Some iterator-unwrapping machinery was first exposed for programmer-user integration in Visual Studio 2017 15.8. It was described in C++ Team Blog article STL Features and Fixes in VS 2017 15.8. This machinery no longer unwraps iterators derived from standard library iterators. For example, a user that derives from std::vector<int>::iterator and tries to customize behavior now gets their customized behavior when calling standard library algorithms, rather than the behavior of a pointer.

The unordered container reserve function now actually reserves for N elements, as described in LWG 2156.

Time handling

  • Previously, some time values that were passed to the concurrency library would overflow, for example, condition_variable::wait_for(seconds::max()). Now fixed, the overflows changed behavior on a seemingly random 29-day cycle (when uint32_t milliseconds accepted by underlying Win32 APIs overflowed).

  • The <ctime> header now correctly declares timespec and timespec_get in namespace std, and also declares them in the global namespace.

Various fixes for containers

  • Many standard library internal container functions have been made private for an improved IntelliSense experience. More fixes to mark members as private are expected in later releases of MSVC.

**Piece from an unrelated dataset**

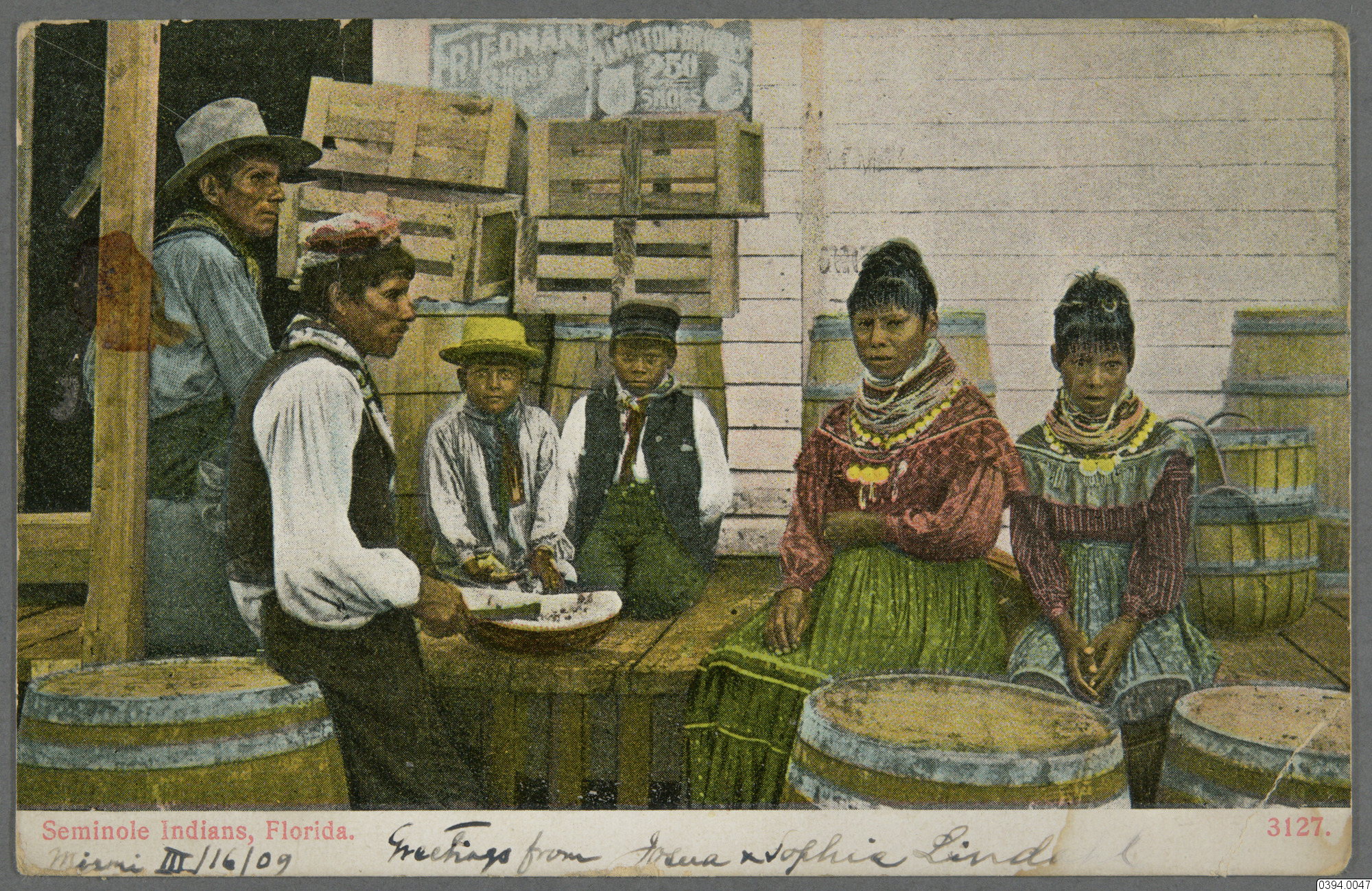 Vykort med motiv av Seminoler, Florida. Text på framsida: " Seminole Indians, Florida. Miami 1909-03-16 (16 mars), Greetings from (oläsligt) & Sophia Lindell (Sofia?)" Text på baksida: "Made in Germany. A. C. Bosselman & Co., New York. Post card, Professor CV Hartman, Etnografiska Museet, Stockholm, Sweden, Statens Etnografiska museum, this side for the address." Amerikanskt rött frimärke, US Postage, two cents.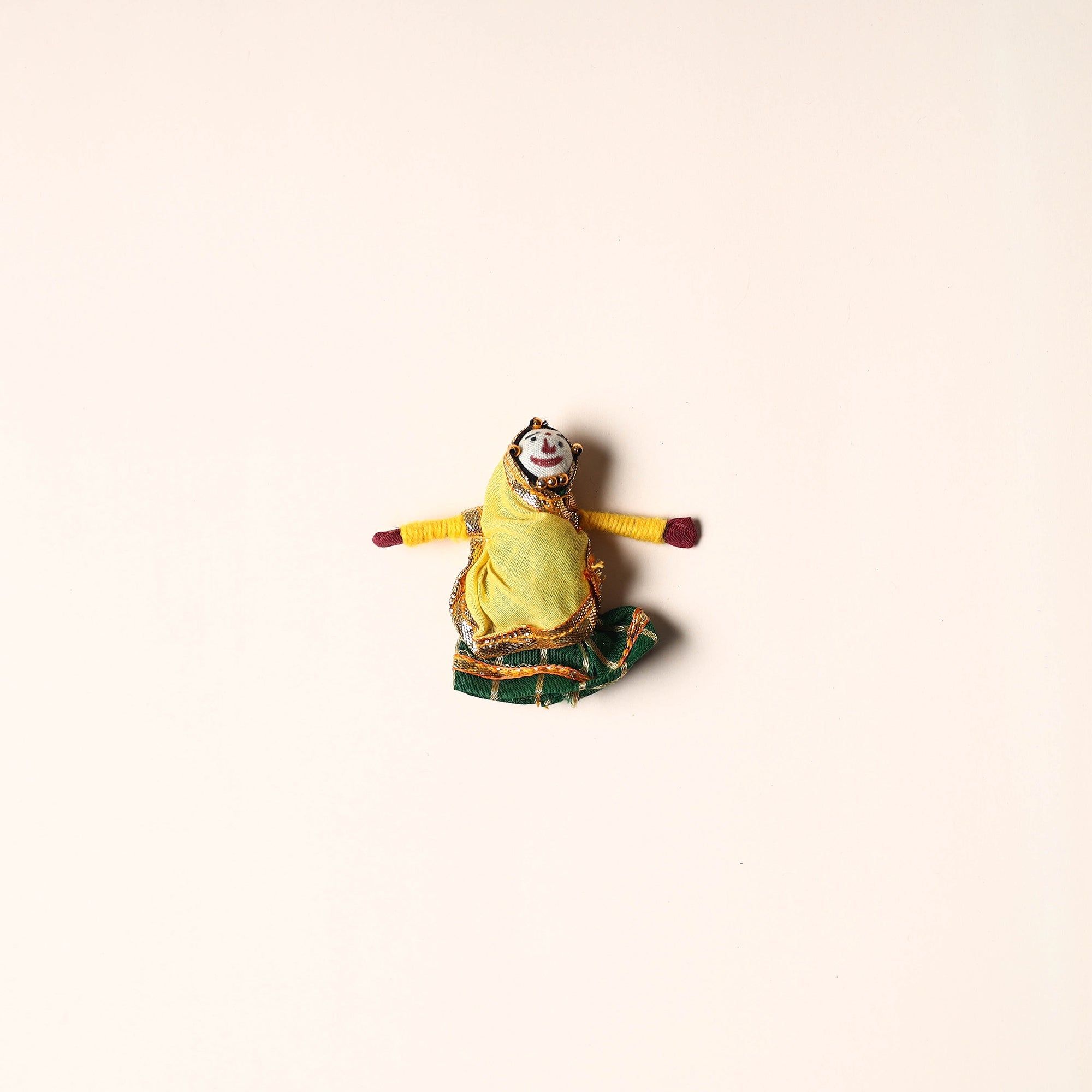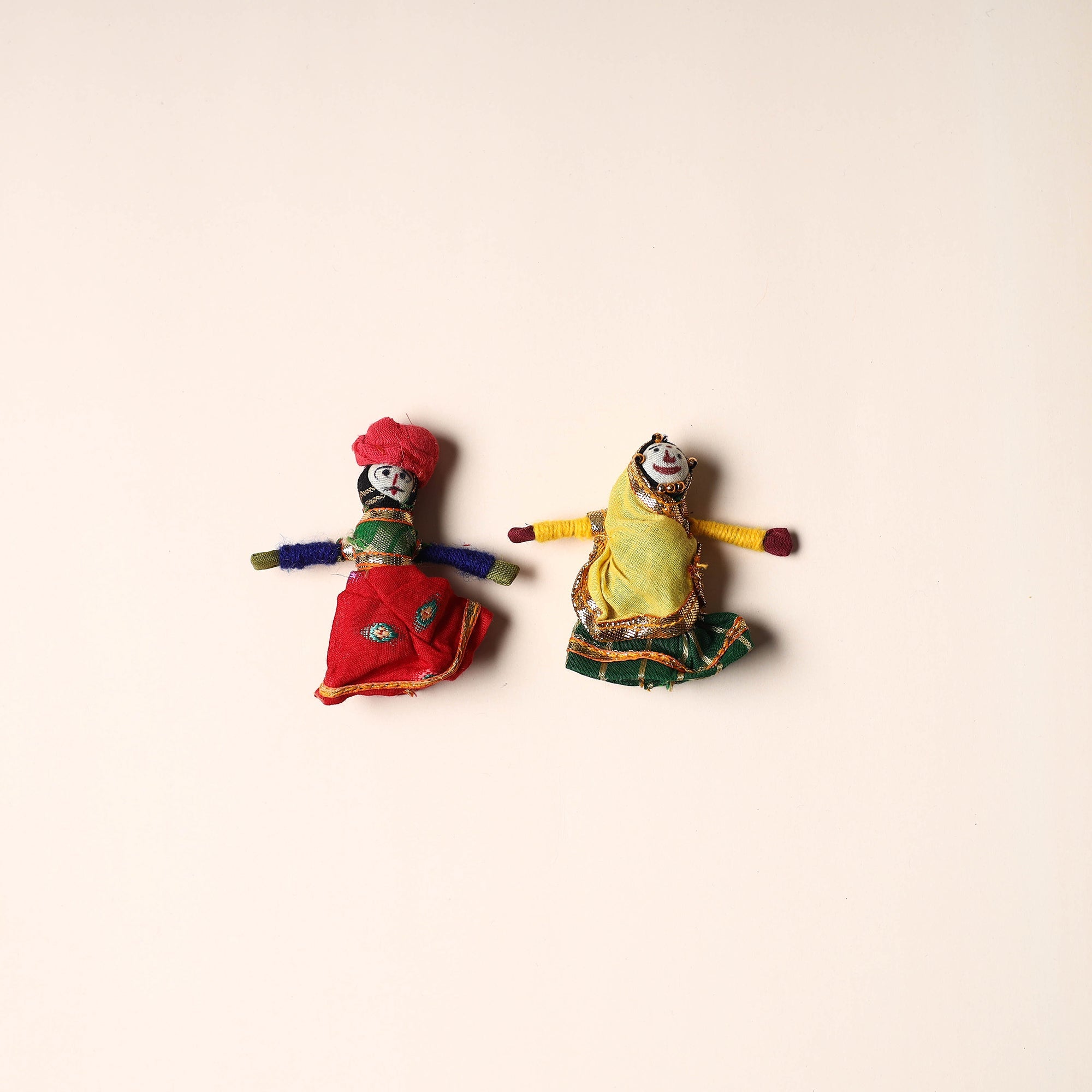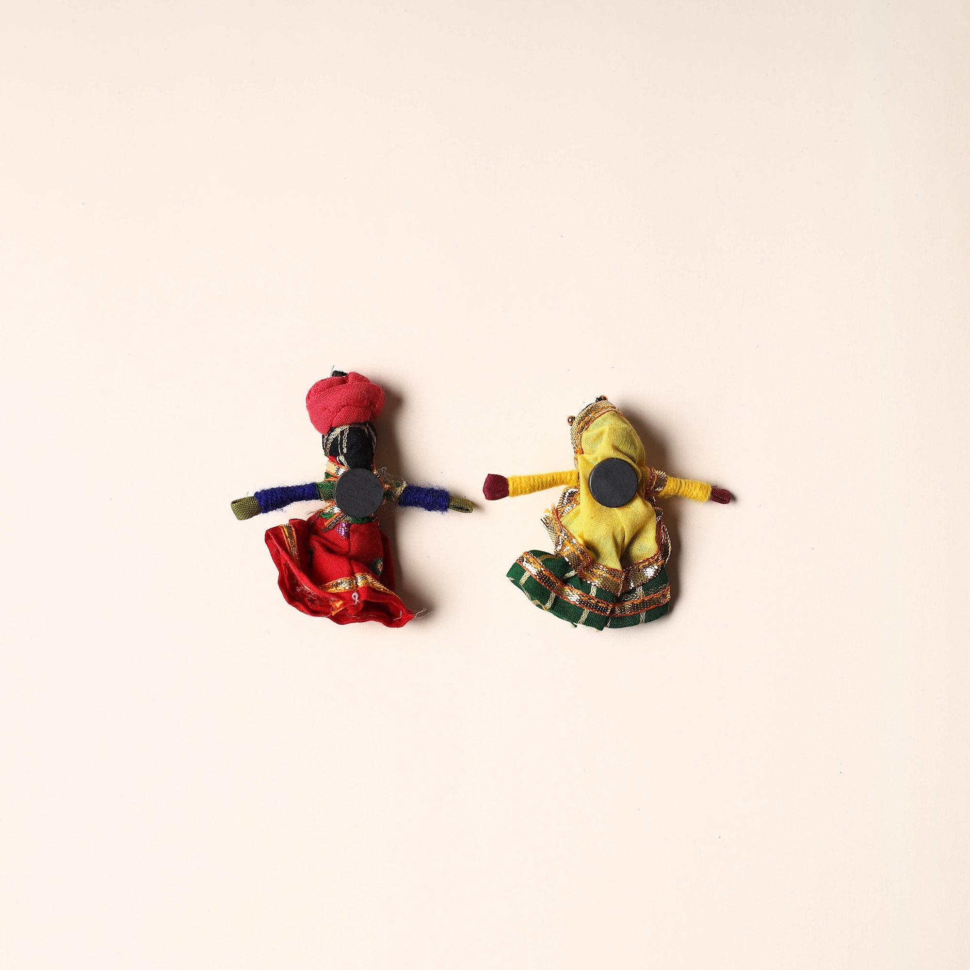 Celebrate the rich artistry of Rajasthan with this rajasthani puppet couple magnet Set (Set of 2), handcrafted by skilled artisans. Made from vibrant fabric and adorned with intricate gota patti work, these magnets add a cultural touch to your home or workspace. Whether placed on your fridge, workstation, or magnetic board, they bring a unique blend of tradition and charm, making them a delightful addition to any space.

  • We fixed exception safety correctness problems that caused node-based containers, such as list, map, and unordered_map, to become corrupted. During a propagate_on_container_copy_assignment or propagate_on_container_move_assignment reassignment operation, we would free the container's sentinel node with the old allocator, do the POCCA/POCMA assignment over the old allocator, and then try to acquire the sentinel node from the new allocator. If this allocation failed, the container was corrupted. It couldn't even be destroyed, as owning a sentinel node is a hard data structure invariant. This code was fixed to create the new sentinel node by using the source container's allocator before destroying the existing sentinel node.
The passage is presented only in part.